Work instruction = Retype each line below precisely and omit all images.

Data supplied =
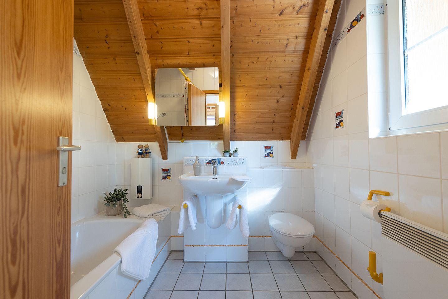 Ein Haus, das bleibt – selbst wenn die Gezeiten wechseln. In einer ruhigen Ecke von Dorum-Neufeld, umgeben von Grün, steht dieses zweigeschossige Komfortferienhaus für bis zu sechs Personen. Unten: ein helles Wohn-Esszimmer mit offener Küche, zwei Einzelbetten im Erdgeschosszimmer und ein Wannenbad für das abendliche Zur-Ruhe-Kommen. Oben: ein Elternschlafzimmer mit Doppelbett, ein Kinderschlafzimmer mit getrennten Betten und ein zusätzliches WC.
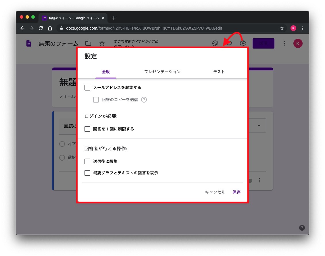右上のパレットのアイコンをクリックすることで、フォーム全体の色味、フォント、ヘッダー画像を設定することが出来ます。
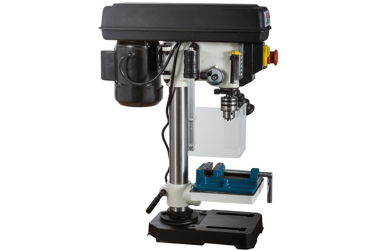 JDP-8BM - настольный сверлильный станок компактного класса. Подойдет на роль универсального в случае бытового использования или для сверления небольших диаметров при профессиональной эксплуатации. Конструкция относительно проста, но выполнена добротно и содержит все необходимое для точной и уверенной работы. Двигатель рассчитан на режим S1, что означает отсутствие существенного нагрева при номинальной мощности даже в течение длительных нагрузочных циклов. Редуктор имеет два ступенчатых пятиручейковых шкива для переустановки ремня, что позволяет выбрать оптимальную скорость и обеспечить необходимый вращающий момент.
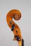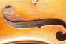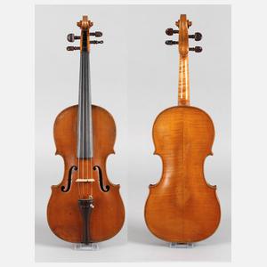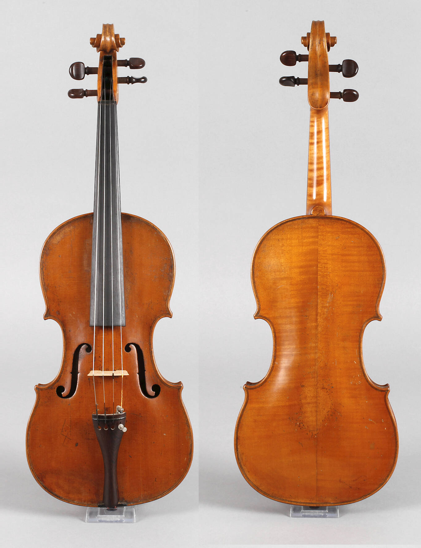 auf Klebezettel bez. Franz Simon, Geigenmacher in Mittenwald No 26 und dat. 1855, geteilter, kaum geflammter Boden im gelblichen Lack, umlaufende dreiteilige Randeinlage, Decke mit verfestigter Rissbildung, Alters- und Gebrauchsspuren, L Korpus 35,6 cm.
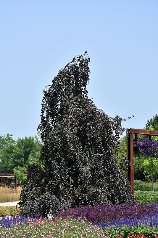 Purple Fountain Beech will grow to be about 30 feet tall at maturity, with a spread of 15 feet. It has a high canopy with a typical clearance of 4 feet from the ground, and should not be planted underneath power lines. It grows at a slow rate, and under ideal conditions can be expected to live to a ripe old age of 120 years or more; think of this as a heritage tree for future generations!
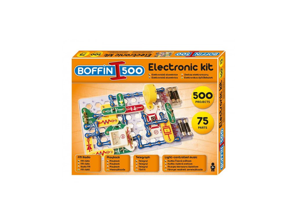 Elektronická stavebnice Boffin I 500 obsahuje 75 součástek, z nichž lze postavit nejméně 500 projektů.
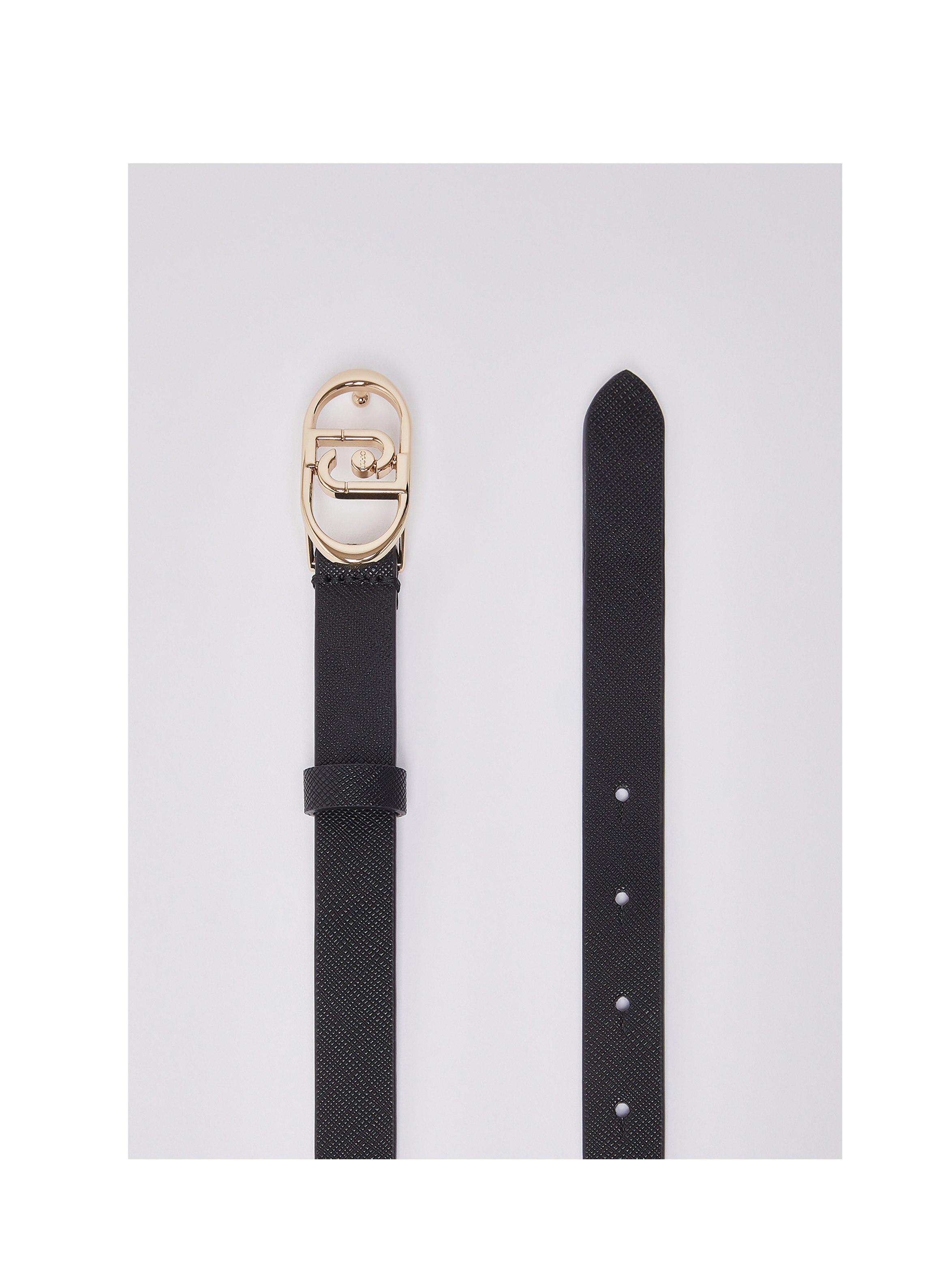 Cintura da donna sottile, da 2 cm di altezza, a tinta unita con stampa effetto saffiano e fibbia regolabile con logo monogram in metallo. Per un look fashion e chic. LIU.JO

Task output =
 Ein Haus, das bleibt – selbst wenn die Gezeiten wechseln. In einer ruhigen Ecke von Dorum-Neufeld, umgeben von Grün, steht dieses zweigeschossige Komfortferienhaus für bis zu sechs Personen. Unten: ein helles Wohn-Esszimmer mit offener Küche, zwei Einzelbetten im Erdgeschosszimmer und ein Wannenbad für das abendliche Zur-Ruhe-Kommen. Oben: ein Elternschlafzimmer mit Doppelbett, ein Kinderschlafzimmer mit getrennten Betten und ein zusätzliches WC.
右上のパレットのアイコンをクリックすることで、フォーム全体の色味、フォント、ヘッダー画像を設定することが出来ます。
 JDP-8BM - настольный сверлильный станок компактного класса. Подойдет на роль универсального в случае бытового использования или для сверления небольших диаметров при профессиональной эксплуатации. Конструкция относительно проста, но выполнена добротно и содержит все необходимое для точной и уверенной работы. Двигатель рассчитан на режим S1, что означает отсутствие существенного нагрева при номинальной мощности даже в течение длительных нагрузочных циклов. Редуктор имеет два ступенчатых пятиручейковых шкива для переустановки ремня, что позволяет выбрать оптимальную скорость и обеспечить необходимый вращающий момент.
 auf Klebezettel bez. Franz Simon, Geigenmacher in Mittenwald No 26 und dat. 1855, geteilter, kaum geflammter Boden im gelblichen Lack, umlaufende dreiteilige Randeinlage, Decke mit verfestigter Rissbildung, Alters- und Gebrauchsspuren, L Korpus 35,6 cm.
 Purple Fountain Beech will grow to be about 30 feet tall at maturity, with a spread of 15 feet. It has a high canopy with a typical clearance of 4 feet from the ground, and should not be planted underneath power lines. It grows at a slow rate, and under ideal conditions can be expected to live to a ripe old age of 120 years or more; think of this as a heritage tree for future generations!
 Elektronická stavebnice Boffin I 500 obsahuje 75 součástek, z nichž lze postavit nejméně 500 projektů.
 Cintura da donna sottile, da 2 cm di altezza, a tinta unita con stampa effetto saffiano e fibbia regolabile con logo monogram in metallo. Per un look fashion e chic. LIU.JO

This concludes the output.